I watched Ros and the remarkable assembly of local talent in this production tell their stories, and am in awe of the reported combined 520 years of theatre experience before me.
And I was reminded of the beauty and gifts of ageing. And what a tragedy it would be for us to succumb to the view that the best of us was lost with our supple skin and the ability to stay up past midnight.
For me now, ageing is more about wisdom, courage, gratitude, love, strength, and the ability to truly step into myself and my skin and own it all.
And knowing where, how and with whom I wish to spend my life.

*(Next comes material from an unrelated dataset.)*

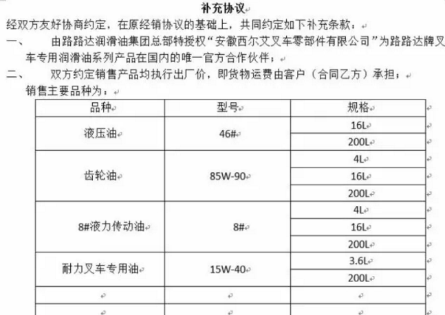目前,路路达润滑油授权西尔艾销售的叉车专用润滑油系列涉及产品的种类为:液压油、齿轮油、8#液力传动油、耐力叉车专用油这四类,并且西尔艾成为销售该系列产品在国内唯一官方合作伙伴。

Sure, I won’t fib. It would be nice to not have to work so hard to keep my butt upright, and yeah, yeah, of course I am dying my hair.
But I would not trade where I am now, for the equal challenges of my younger self.
So boogeywoman I am enjoying the last laugh, because you were not as clever as you thought. As you sprinted off all smug and all, I threw a booty of all kinds of extra shit in your bag.
So good luck with all that youthful angst, insecurity, uncertainty, self recrimination, doubt and fear.
Aaw. Thanks Steve. Whoever you are.
And thank you too Stephen Pike, The Q and Canberra Repertory for choosing to give us this opportunity to sit in the quiet and calm of Waiting In The Wings to ponder and celebrate all that is wonderful about growing older.
And as Stephen Pike says ” the chance to enjoy the talent of some of Canberra’s most experienced actors, who no longer all get such opportunities to tread the boards”.
And there should be more of it.
For how wonderful it is to see people following their bliss, with such enthusiasm, humour, and generosity.
At any age.
Defying stereotypes, and getting busy.
So, no more waiting in the wings for me or you.
I am so looking forward to the adventure that the rest of ageing has in store for me. As I hope do you.
As Ros so beautifully puts it. It’s all about ” Getting up. Dressing Up. And Showing Up !”
I love it.
And hey, do yourself a favour. In a stroke of genius, Waiting in the Wings is playing now also at Canberra Rep until the 7th of December.